Monday, May 19, 2003 While the U.S. electronics industry remains in the doldrums, the booming China market that suppliers are trying to penetrate may be losing some of its robustness because of slowing demand there for telecommunications equipment orders.

A recent report by industry group The Chinese Association of Electronics Component Industry indicated that sales of the top 100 vendors in 2002 totaled $5.6 billion, down 11% from the previous year. Profits dropped 5% from a year earlier, to $417 million.

The group noted that sales of optical fiber and optical components were hit particularly hard as telecom companies sharply cut back their capital spending.

Those findings do not surprise Steve Rago, an analyst at iSuppli Corp., El Segundo, Calif., who attributed the slowdown to the Chinese government's reorganization of the country's telecom industry.

"There was uncertainty by Chinese telecommunications companies over government funding, causing them to dramatically reduce equipment purchases," Rago said.

While U.S.-based companies may not see a reason to lose sleep over the predicament of their Chinese rivals, they should be concerned, he said.

"What has happened in the last 18 months is that some China-based telecom equipment companies are increasingly exporting products to regions like Eastern Europe and India," he said. Two such companies are ZTE Corp. and Huawei Technology Co. Ltd., both of Shenzhen, Rago added.

Data from the Chinese Association of Electronic Component Industry supports that premise, noting that electronics component exports grew 8.4% in 2002, to $2.19 billion, with China's entry into the World Trade Organization paving the way for increased sales abroad.

As the torrid pace of China's telecom market cools, major Chinese companies are diversifying into other areas like consumer electronics, according to iSuppli. But as these products become more sophisticated, they sometimes require higher-technology components than what is made in China, as is the case with capacitors.

The Chinese Association of Electronic Industry noted that Chinese exports of capacitors jumped 28% last year, to $858 million. But imported capacitors rose 47% in 2002, to $2.4 billion, leaving a negative trade balance of $1.5 billion in that category.

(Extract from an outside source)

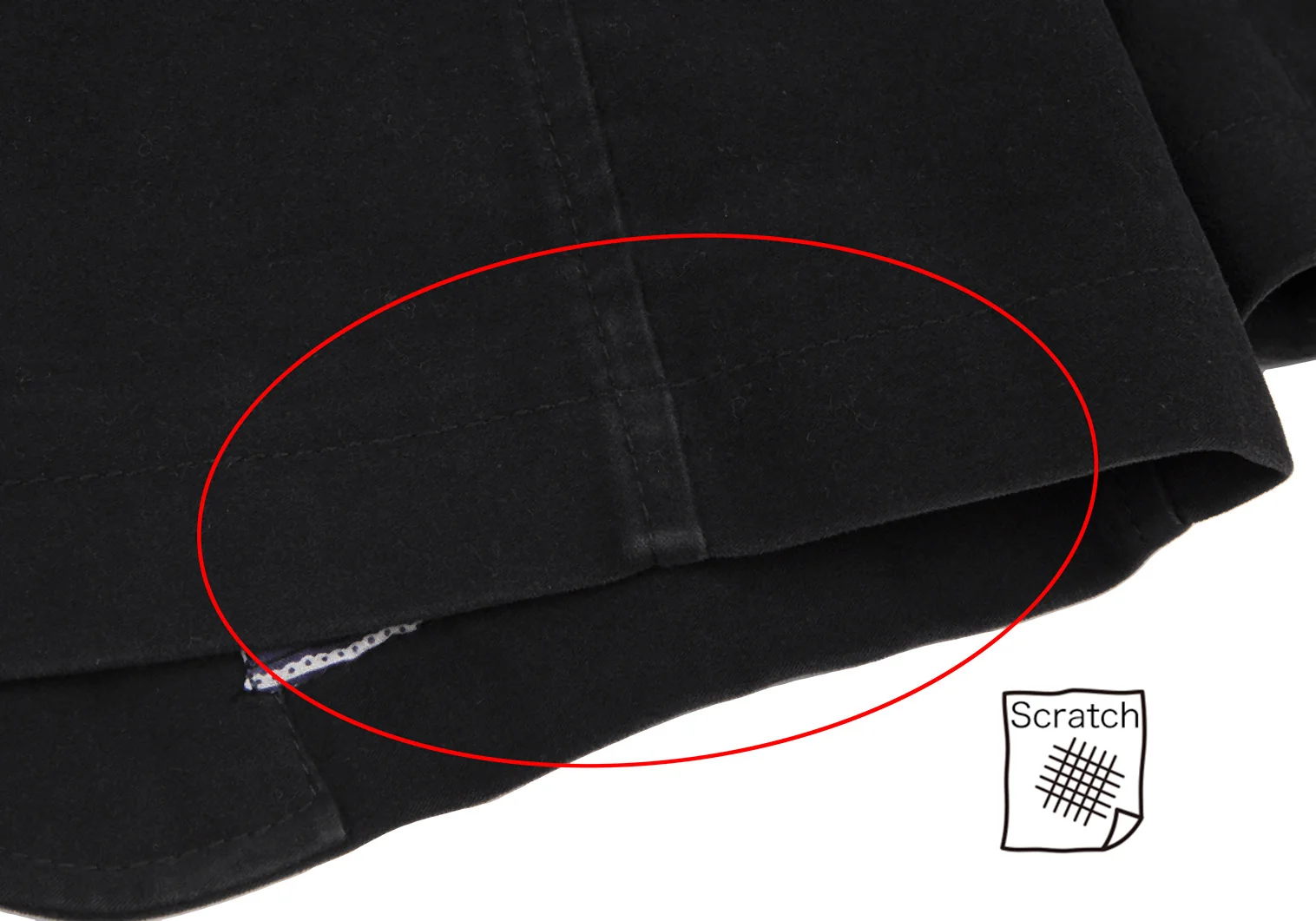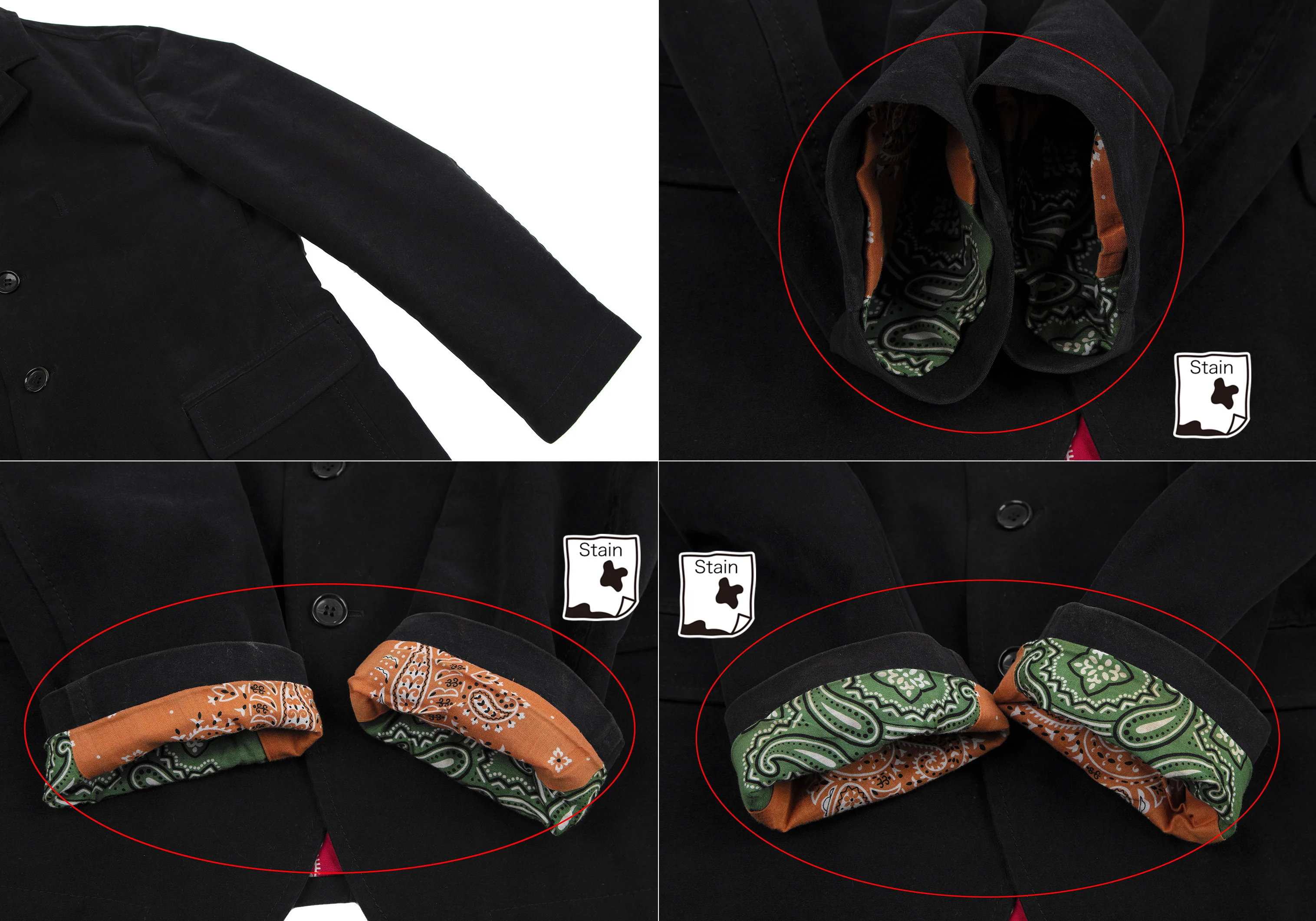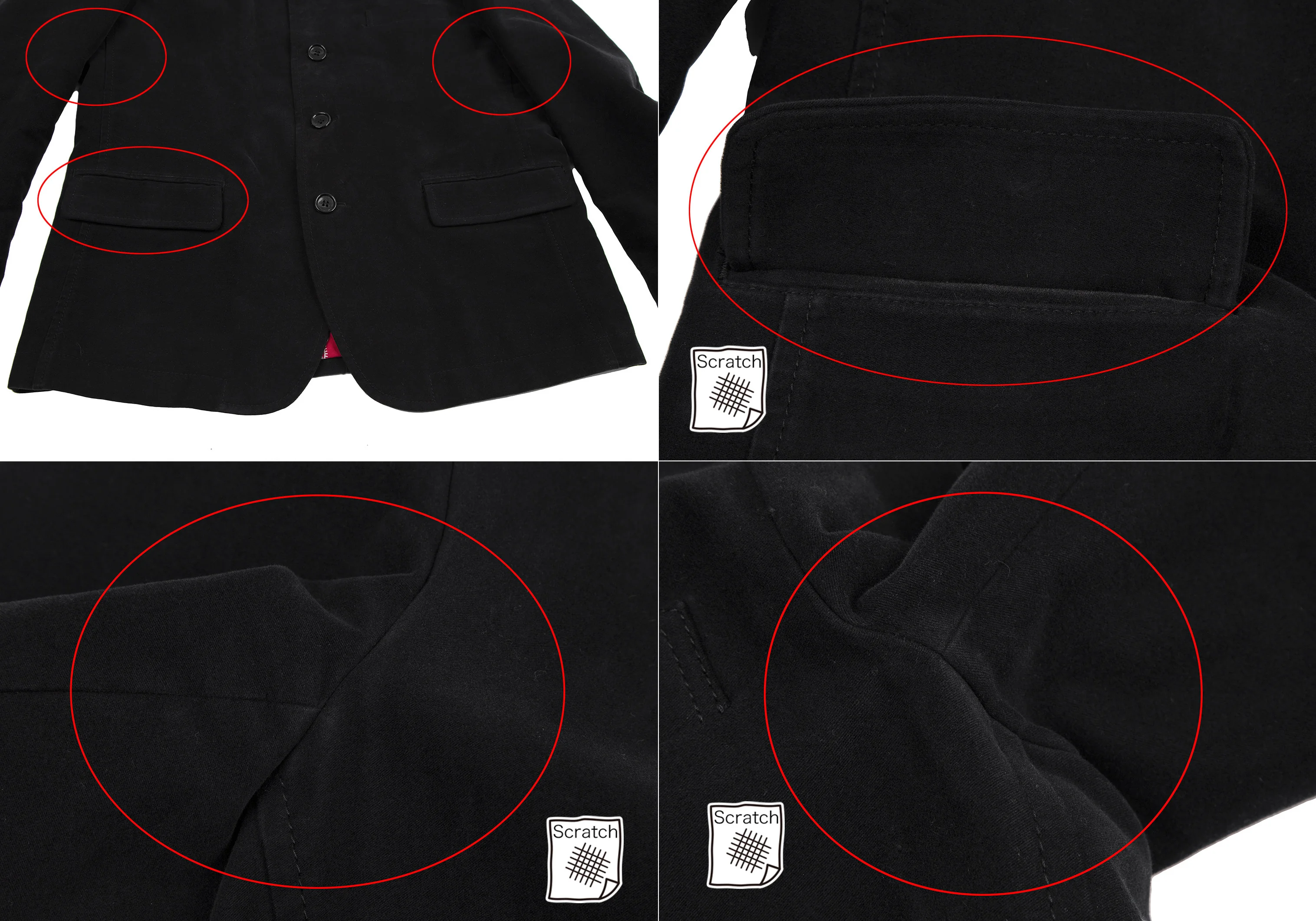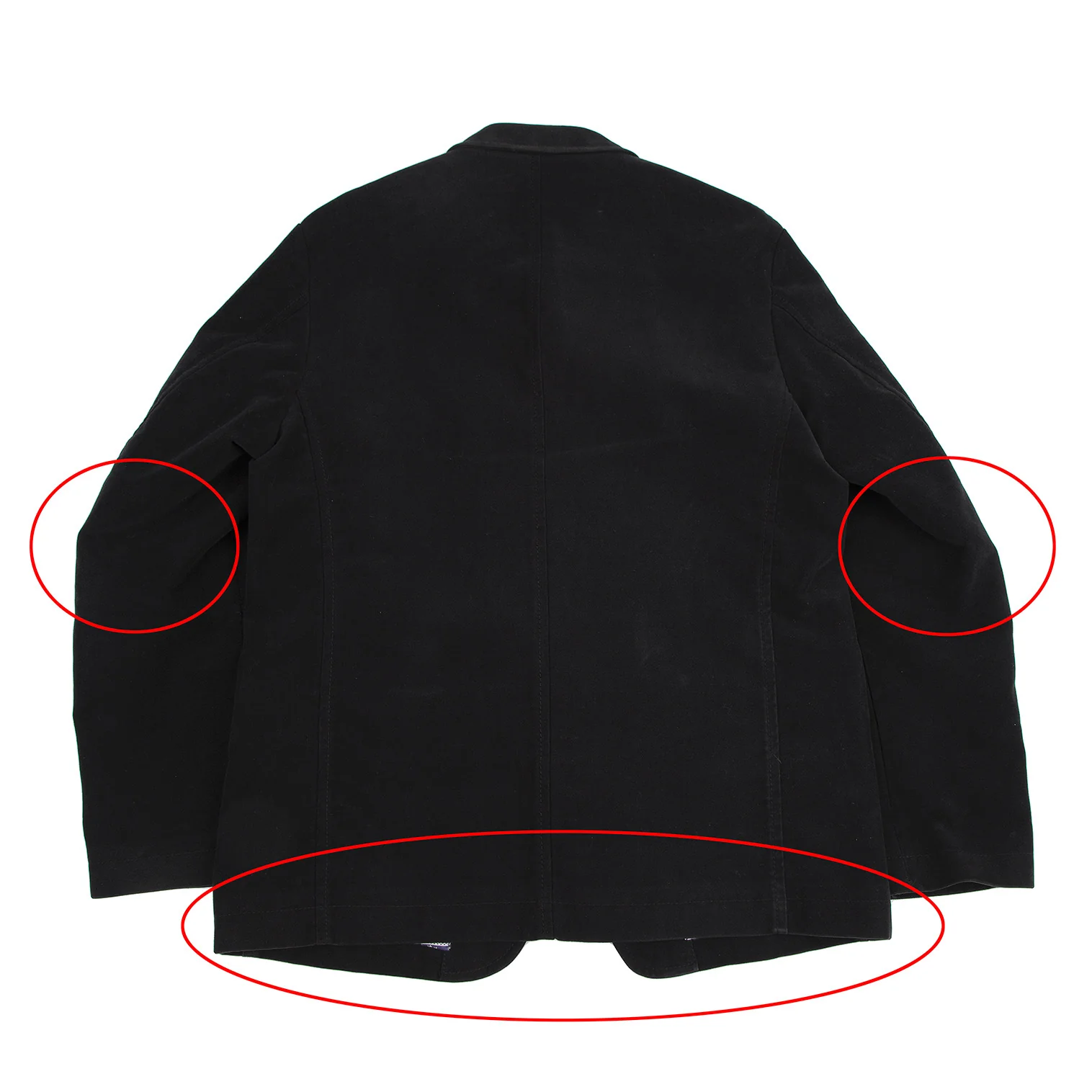 襟裏に変色しみ、袖先・袖裏に汚れ、右ポケット口・脇下・後ろ肘・裾にスレ、脇裏地・裾裏地にシミがあります(写真参照)。クリーニング済み

Shawn Wood, an iSuppli analyst, attributes the imbalance to the higher technology and cost of capacitors imported into China.

"The smallest capacitors made by China-based companies come in the 0402 package," he said. "But smaller 0201 capacitors are being used for Bluetooth modules and wireless phones." Wood added that large Far East-based suppliers of multilayer ceramic chip capacitors, including Murata Manufacturing Co. Ltd., Yageo Corp., and Samsung Electro-Mechanics Co. Ltd., are importing 0201 capacitors into China.

As competition intensifies, more suppliers realize they must establish plants in China to compete with local vendors vying for business from global OEMs and EMS companies locating there. More U.S. companies are taking this route.

For example, Kemet Corp. is building a 125,000-sq.-ft. plant in Suzhou to make tantalum capacitors by July 2003.